Alle Angaben ohne Gewähr. Der Förderrechner ist ein freiwilliger und unverbindlicher Service der Enovato GmbH (42watt).

Details zur Wärmepumpen-Förderung (BEG EM)

Förderkomponenten im Überblick

Die Förderung setzt sich aus einer Grundförderung und optionalen Boni zusammen. Die Summe aller Komponenten ist auf einen maximalen Fördersatz von 70 % gedeckelt.

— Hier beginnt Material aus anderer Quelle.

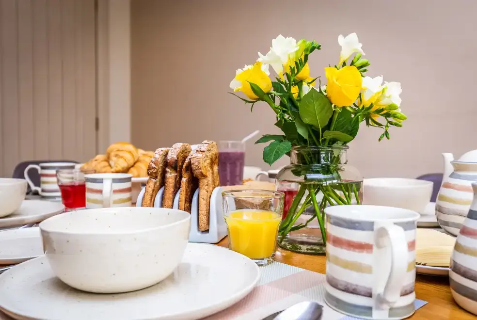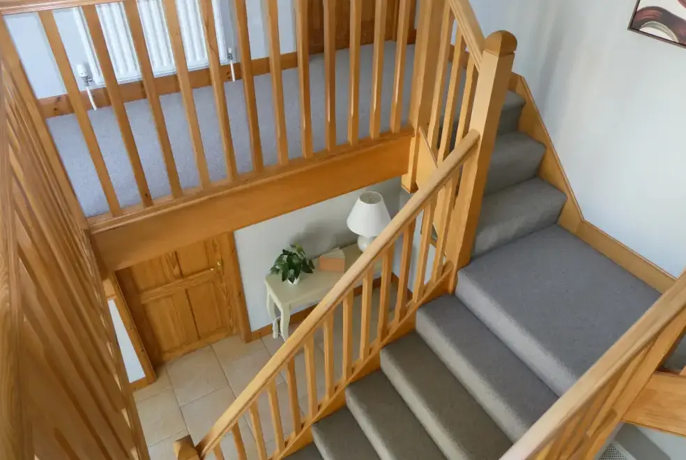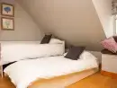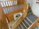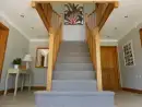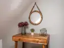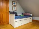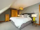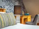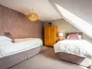 Upstairs at Broadleaf Lodge, refurbished in 2022 to the highest standards, hosts three well-appointed bedrooms. The master bedroom is a spacious family room with a king-size bed and a daytime truckle bed that can be configured as two full-size single beds, accompanied by an en suite. A charming window seat overlooks the front paddock and driveway. The rear and front bedrooms feature Zip and Link super king-size beds, which can be converted into twin beds upon request for a customised sleeping experience. The luxurious family bathroom includes a free-standing slipper bath and a large walk-in shower. Enjoy bird watching or twilight bat viewing from the covered balcony with a bistro set, overlooking the front paddock.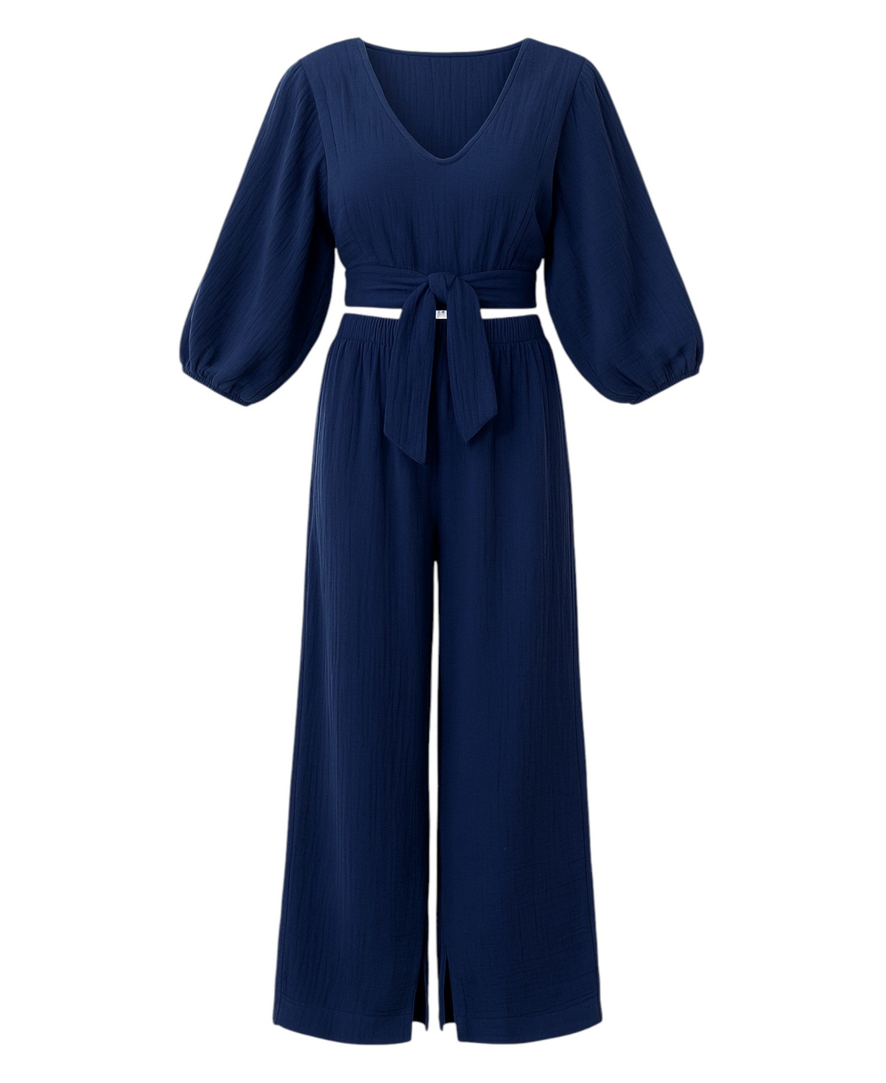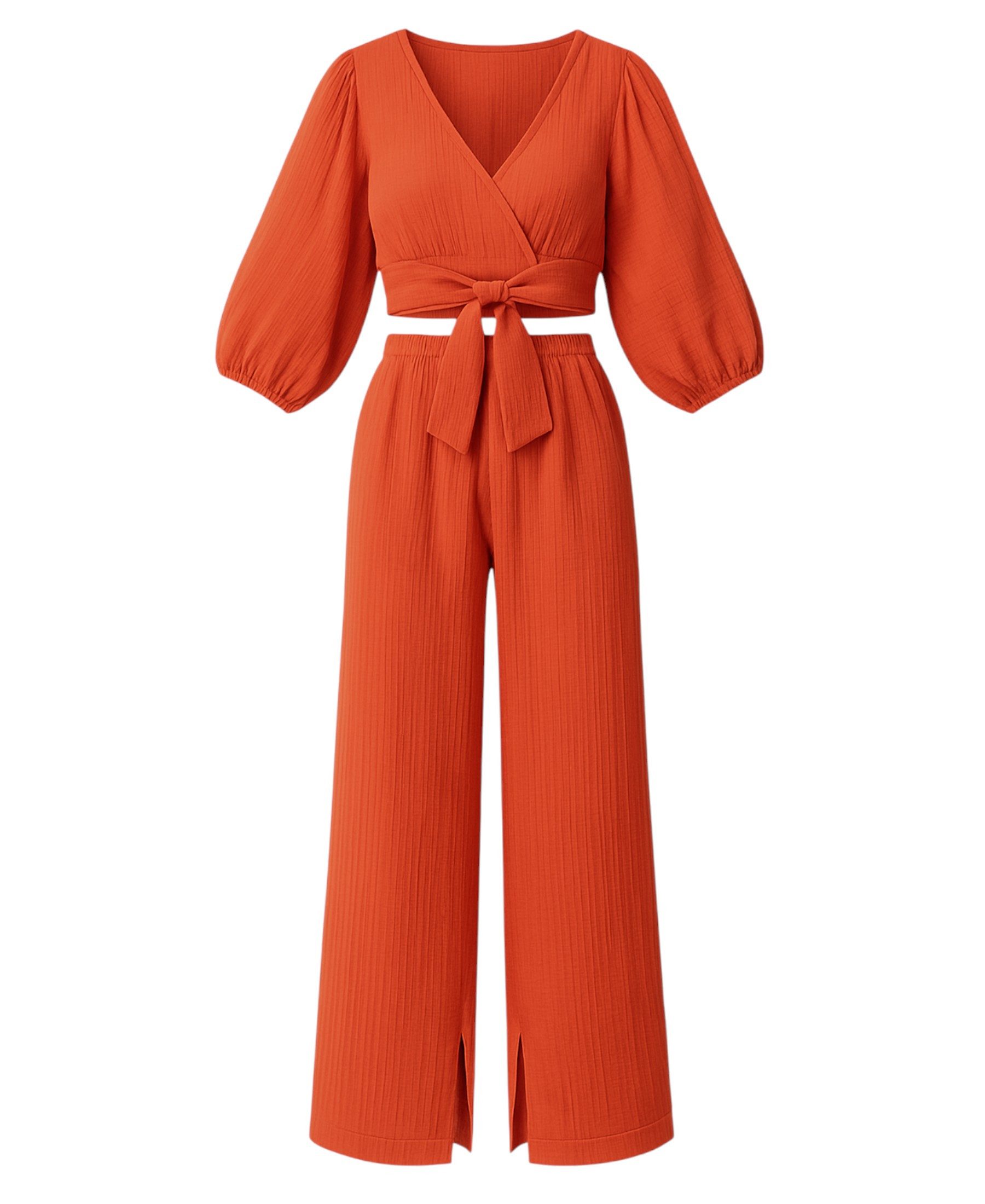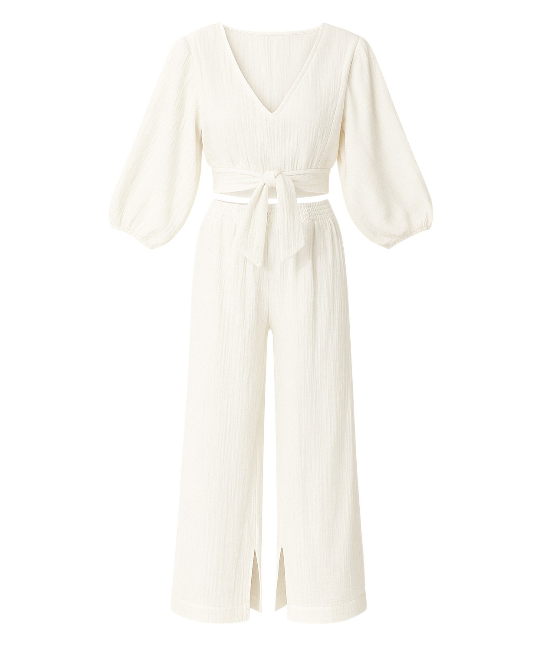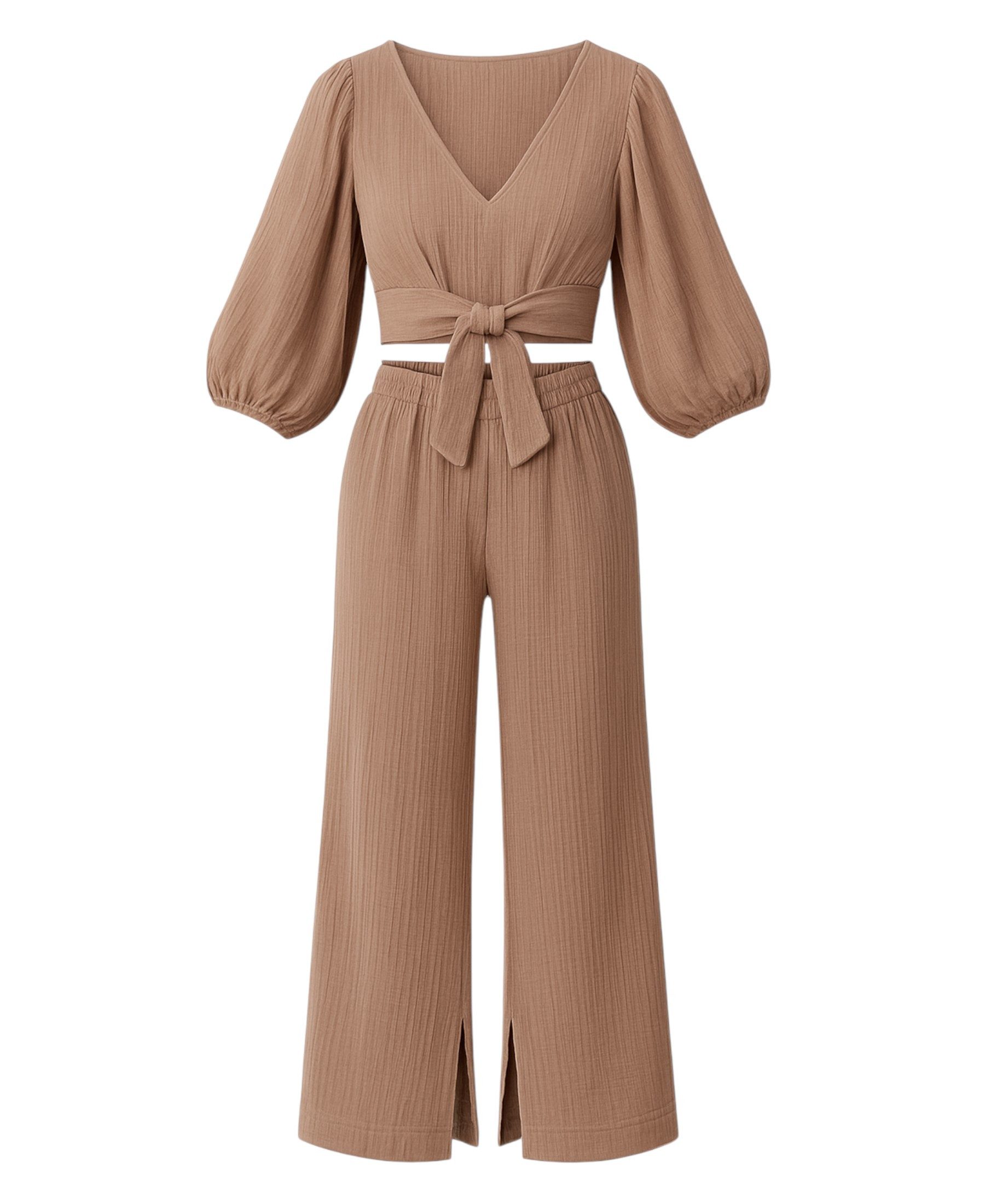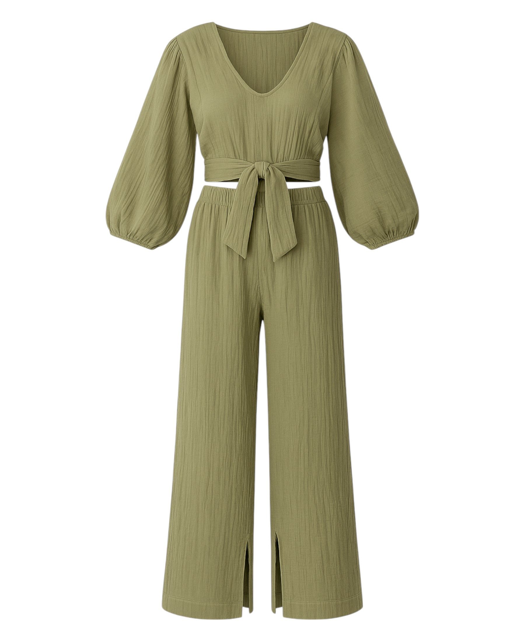 Verschlussdetails | Hose mit elastischem Bund, Top wird vorne geknotet |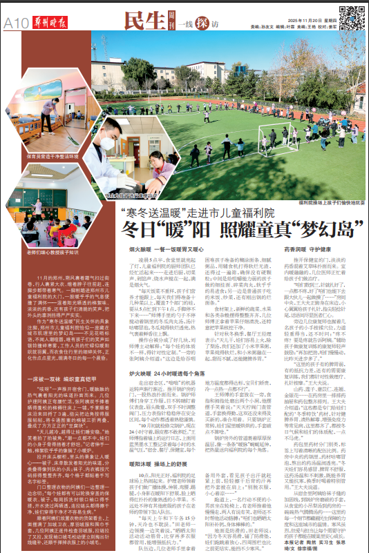 11月的郑州,朔风裹着霜气扫过街巷,行人裹紧大衣、缩着脖子往前赶,连脚步都带着寒气。一脚刚踏进郑州市儿童福利院的大门,一股暖乎乎的气息便撞了满怀——混着阳光晒透的棉絮味、淡淡的药香,还有孩子们清脆的笑声,把外头的凛冽挡得严严实实。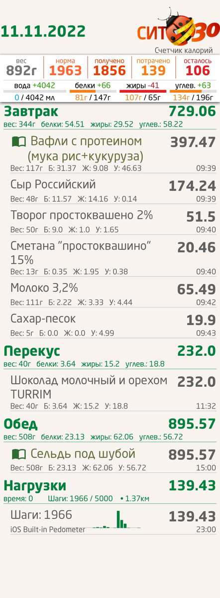 Привет! Сегодня я готовила салат «сельдь под шубой» и кроме него мне ни чего не хотелось. Белок добирала своими протеиновыми вафлями, ела их вместо хлебушка. Не стала вбивать одно и тоже блюдо много раз, добавляла вес только. А вот так это выглядело Завтра у мужа день рождения, праздновать он не хочет, но праздник живота не считается. Даже самой интересно, смогу ли считать калории и не превысить их. В планах срыва нет. Зато тортик испечь вполне себе планирую 😁 Ну лучше уж домашний, чем покупной химозный. Как вы спасаетесь по праздникам? Стойко держитесь или спокойно проживаете этот день без подсчета?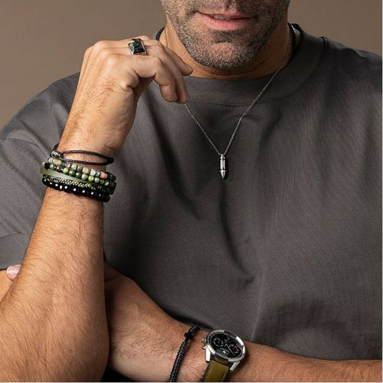Bracelet Rochet au style sobre et contemporain, composé d'un cordon noir ajustable qui épouse parfaitement le poignet. En son centre, une croix en acier PVD noir apporte une touche à la fois symbolique et moderne, avec une finition lisse et élégante.

KomponenteZuschussVoraussetzungen
Grundförderung30 %Für jede förderfähige Installation einer klimafreundlichen Heizung.
Klimageschwindigkeits-Bonus20 %Nur für Selbstnutzer beim Austausch einer funktionstüchtigen fossilen oder mind. 20 Jahre alten Biomasseheizung.
Effizienz-Bonus5 %Bei Nutzung von Wasser, Erdreich oder Abwasser als Wärmequelle oder bei Einsatz eines natürlichen Kältemittels.
Einkommens-Bonus30 %Nur für Selbstnutzer mit einem zu versteuernden Haushaltseinkommen von max. 40.000 € pro Jahr.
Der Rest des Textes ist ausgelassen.